Titanium material is expensive and can be problematic when it comes to traditional processing technologies. For example, its high melting point (1,670℃, much higher than steel alloys) is a challenge.

The relatively low-cost precision of 3D printing is therefore a game-changer for titanium. 3D printing is where an object is built layer by layer and designers can create amazing shapes.

This allows the production of complex shapes such as replacement parts of a jaw bone, heel, hip, dental implants, or cranioplasty plates in surgery. It can also be used to make golf clubs and aircraft components.

The CSIRO is working with industry to develop new technologies in 3D printing using titanium. (It even made a dragon out of titanium.)

Advances in 3D printing are opening up new avenues to further improve the function of customised bodypart implants made of titanium.
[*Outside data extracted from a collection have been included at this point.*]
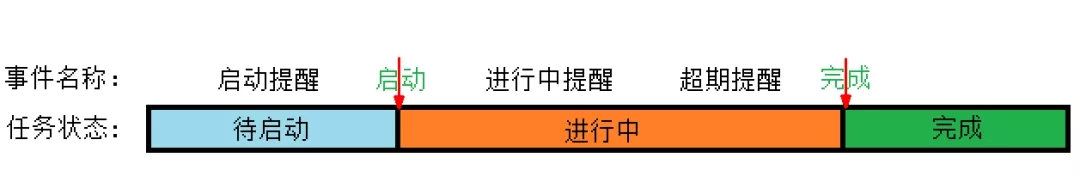 一個任務最少可以設置5個不同“事件”類型的郵件通知。為了便于大家理解通過下圖直觀說明郵件通知事件發生的階段和時機:
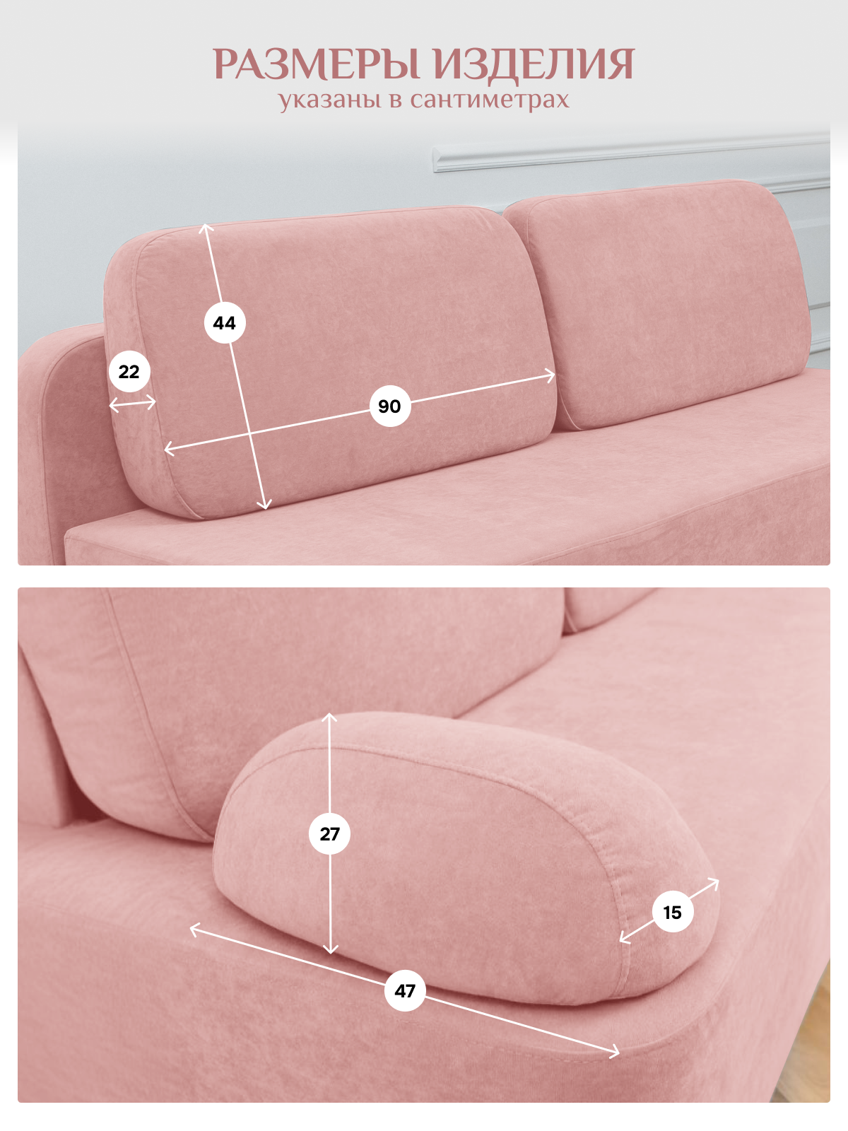 В комплекте с диваном идут четыре подушки.
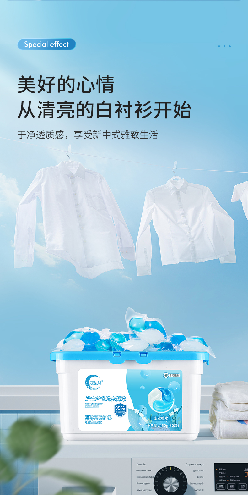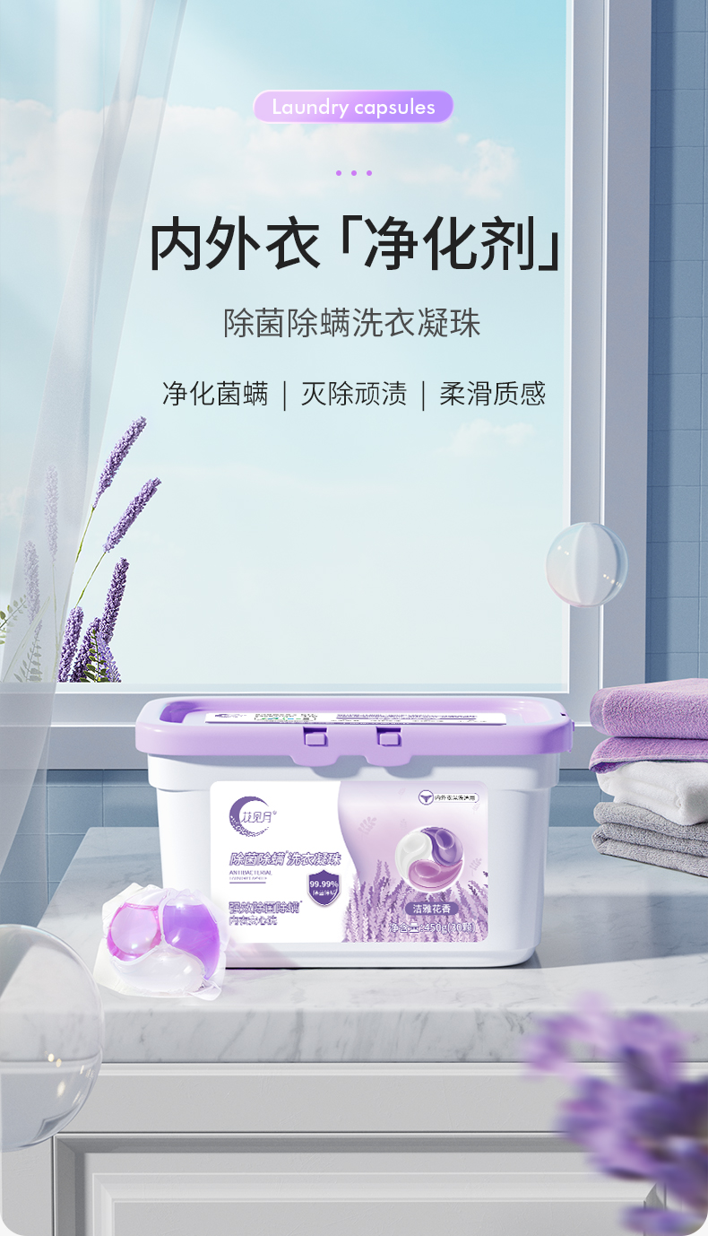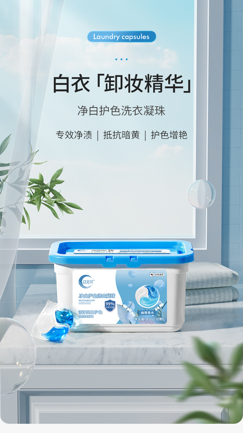 【4盒装】偶爱你 花见月洗衣凝珠 除菌除螨/净白护色 450g/盒

Such implants can be designed to be porous, making them lighter but allowing blood, nutrients and nerves to pass through and can even promote bone in-growth.

Safe in the body

Titanium is considered the most biocompatible metal – not harmful or toxic to living tissue – due to its resistance to corrosion from bodily fluids. This ability to withstand the harsh bodily environment is a result of the protective oxide film that forms naturally in the presence of oxygen.

Its ability to physically bond with bone also gives titanium an advantage over other materials that require the use of an adhesive to remain attached. Titanium implants last longer, and much larger forces are required to break the bonds that join them to the body compared with their alternatives.

Titanium alloys commonly used in load-bearing implants are significantly less stiff – and closer in performance to human bone – than stainless steel or cobalt-based alloys.

Aerospace applications

Titanium weighs about half as much as steel but is 30% stronger, which makes it ideally suited to the aerospace industry where every gram matters.

In the late 1940s the US government helped to get production of titanium going as it could see its potential for “aircraft, missiles, spacecraft, and other military purposes”.

Titanium has increasingly become the buy-to-fly material for aircraft designers striving to develop faster, lighter and more efficient aircraft.

About 39% of the US Air Force’s F22 Raptor, one of the most advanced fighter aircraft in the world, is made of titanium.

Civil aviation moved in the same direction with Boeing’s new 787 Dreamliner made of 15% titanium, significantly more than previous models.

Two key areas where titanium is used in airliners is in their landing gear and jet engines. Landing gear needs to withstand the massive amounts of force exerted on it every time a plane hits a runway.

Titanium’s toughness means it can absorb the huge amounts of energy expelled when a plane lands without ever weakening.

Titanium’s heat resistance means it can be used inside modern jet engines, where temperatures can reach 800℃. Steel begins to soften at around 400℃ but titanium can withstand the intense heat of a jet engine without losing its strength.